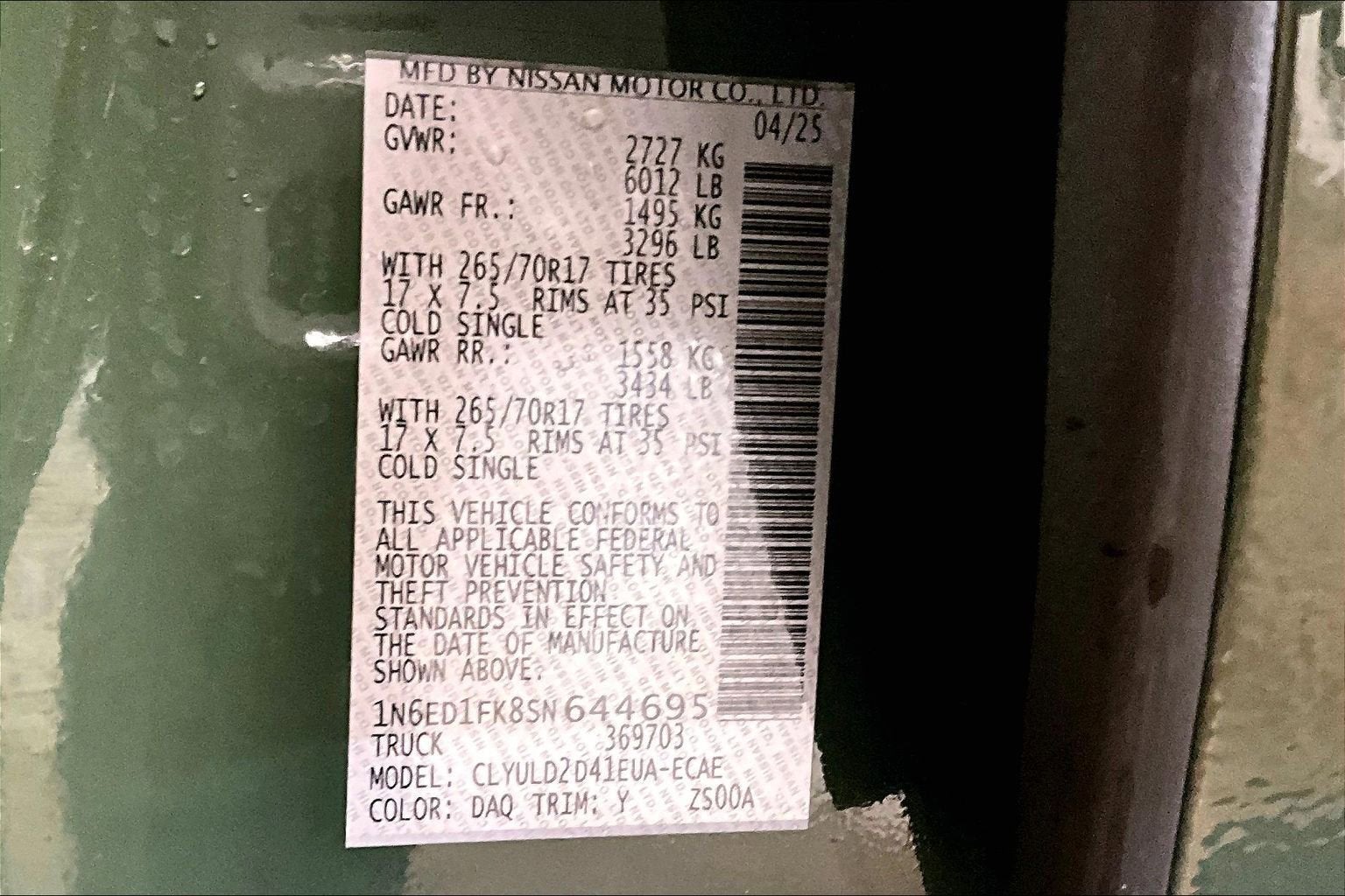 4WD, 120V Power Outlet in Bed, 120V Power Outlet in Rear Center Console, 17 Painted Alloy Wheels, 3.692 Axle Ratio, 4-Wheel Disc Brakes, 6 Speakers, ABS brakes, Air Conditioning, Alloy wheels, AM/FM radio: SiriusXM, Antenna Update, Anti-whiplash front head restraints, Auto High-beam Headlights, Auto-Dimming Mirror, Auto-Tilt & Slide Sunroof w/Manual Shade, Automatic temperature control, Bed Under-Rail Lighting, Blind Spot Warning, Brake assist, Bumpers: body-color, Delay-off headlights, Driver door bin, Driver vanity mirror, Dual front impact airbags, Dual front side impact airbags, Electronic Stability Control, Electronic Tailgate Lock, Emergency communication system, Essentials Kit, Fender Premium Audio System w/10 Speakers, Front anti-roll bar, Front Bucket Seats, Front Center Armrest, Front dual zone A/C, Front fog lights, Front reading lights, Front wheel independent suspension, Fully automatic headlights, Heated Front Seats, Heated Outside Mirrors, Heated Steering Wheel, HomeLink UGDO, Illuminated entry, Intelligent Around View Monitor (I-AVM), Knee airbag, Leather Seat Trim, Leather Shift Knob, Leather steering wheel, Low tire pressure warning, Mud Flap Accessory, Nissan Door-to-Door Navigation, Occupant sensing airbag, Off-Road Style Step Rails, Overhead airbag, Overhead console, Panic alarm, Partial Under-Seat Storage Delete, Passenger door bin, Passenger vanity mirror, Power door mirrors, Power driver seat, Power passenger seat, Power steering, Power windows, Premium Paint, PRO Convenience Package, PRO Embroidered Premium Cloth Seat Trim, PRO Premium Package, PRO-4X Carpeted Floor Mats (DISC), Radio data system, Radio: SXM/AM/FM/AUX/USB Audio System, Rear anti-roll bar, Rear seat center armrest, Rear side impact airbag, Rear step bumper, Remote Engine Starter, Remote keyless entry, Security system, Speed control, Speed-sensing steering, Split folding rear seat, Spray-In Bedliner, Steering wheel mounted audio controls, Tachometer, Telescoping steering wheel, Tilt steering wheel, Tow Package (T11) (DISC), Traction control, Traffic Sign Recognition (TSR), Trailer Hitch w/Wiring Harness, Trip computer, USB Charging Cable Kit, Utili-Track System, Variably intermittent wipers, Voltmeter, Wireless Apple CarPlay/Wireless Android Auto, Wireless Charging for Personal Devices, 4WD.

---

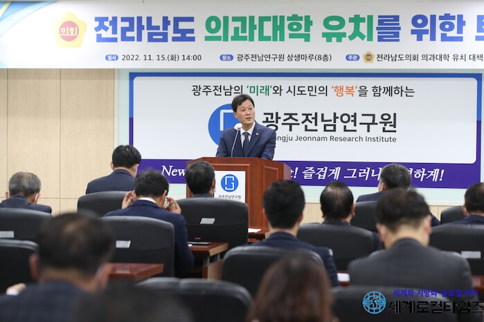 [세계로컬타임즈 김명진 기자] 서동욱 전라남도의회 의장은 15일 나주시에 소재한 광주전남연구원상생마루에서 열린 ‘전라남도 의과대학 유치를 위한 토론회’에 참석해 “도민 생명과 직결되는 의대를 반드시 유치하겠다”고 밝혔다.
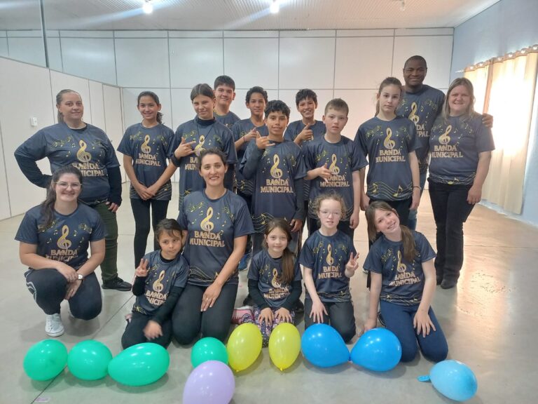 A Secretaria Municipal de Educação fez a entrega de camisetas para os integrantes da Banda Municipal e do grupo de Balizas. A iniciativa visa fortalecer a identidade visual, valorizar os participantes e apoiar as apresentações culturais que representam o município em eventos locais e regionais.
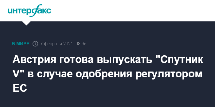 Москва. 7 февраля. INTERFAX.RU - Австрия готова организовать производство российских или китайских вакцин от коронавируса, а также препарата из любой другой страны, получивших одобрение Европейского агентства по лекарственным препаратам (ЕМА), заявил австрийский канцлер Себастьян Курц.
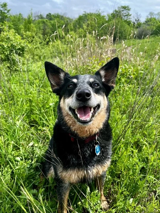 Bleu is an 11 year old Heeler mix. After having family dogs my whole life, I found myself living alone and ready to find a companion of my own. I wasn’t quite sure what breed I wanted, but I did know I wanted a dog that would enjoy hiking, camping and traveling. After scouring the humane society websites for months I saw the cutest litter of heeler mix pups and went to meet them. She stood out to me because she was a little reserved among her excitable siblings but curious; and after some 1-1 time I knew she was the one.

* * *

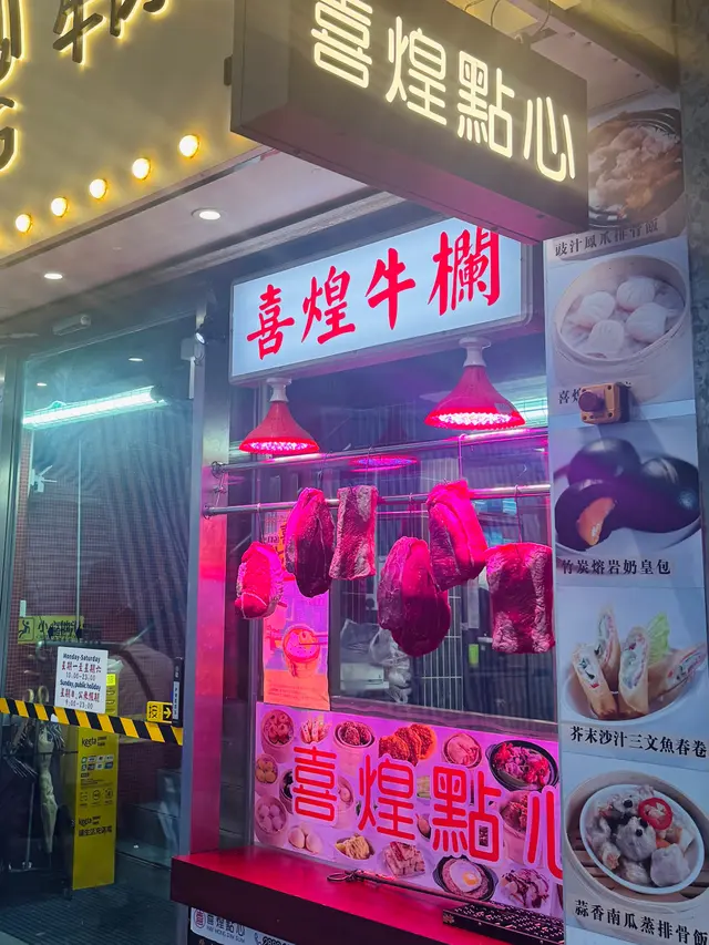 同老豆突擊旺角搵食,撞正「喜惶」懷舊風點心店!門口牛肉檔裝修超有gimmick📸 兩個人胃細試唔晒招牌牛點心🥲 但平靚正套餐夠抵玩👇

What you have to do:
Set down exactly the lines above, from the line containing "[세계로컬타임즈 김명진 기자]" through the line containing "Bleu is an 11". Skip the pictures.

Written response:
 [세계로컬타임즈 김명진 기자] 서동욱 전라남도의회 의장은 15일 나주시에 소재한 광주전남연구원상생마루에서 열린 ‘전라남도 의과대학 유치를 위한 토론회’에 참석해 “도민 생명과 직결되는 의대를 반드시 유치하겠다”고 밝혔다.
 A Secretaria Municipal de Educação fez a entrega de camisetas para os integrantes da Banda Municipal e do grupo de Balizas. A iniciativa visa fortalecer a identidade visual, valorizar os participantes e apoiar as apresentações culturais que representam o município em eventos locais e regionais.
 Москва. 7 февраля. INTERFAX.RU - Австрия готова организовать производство российских или китайских вакцин от коронавируса, а также препарата из любой другой страны, получивших одобрение Европейского агентства по лекарственным препаратам (ЕМА), заявил австрийский канцлер Себастьян Курц.
 Bleu is an 11 year old Heeler mix. After having family dogs my whole life, I found myself living alone and ready to find a companion of my own. I wasn’t quite sure what breed I wanted, but I did know I wanted a dog that would enjoy hiking, camping and traveling. After scouring the humane society websites for months I saw the cutest litter of heeler mix pups and went to meet them. She stood out to me because she was a little reserved among her excitable siblings but curious; and after some 1-1 time I knew she was the one.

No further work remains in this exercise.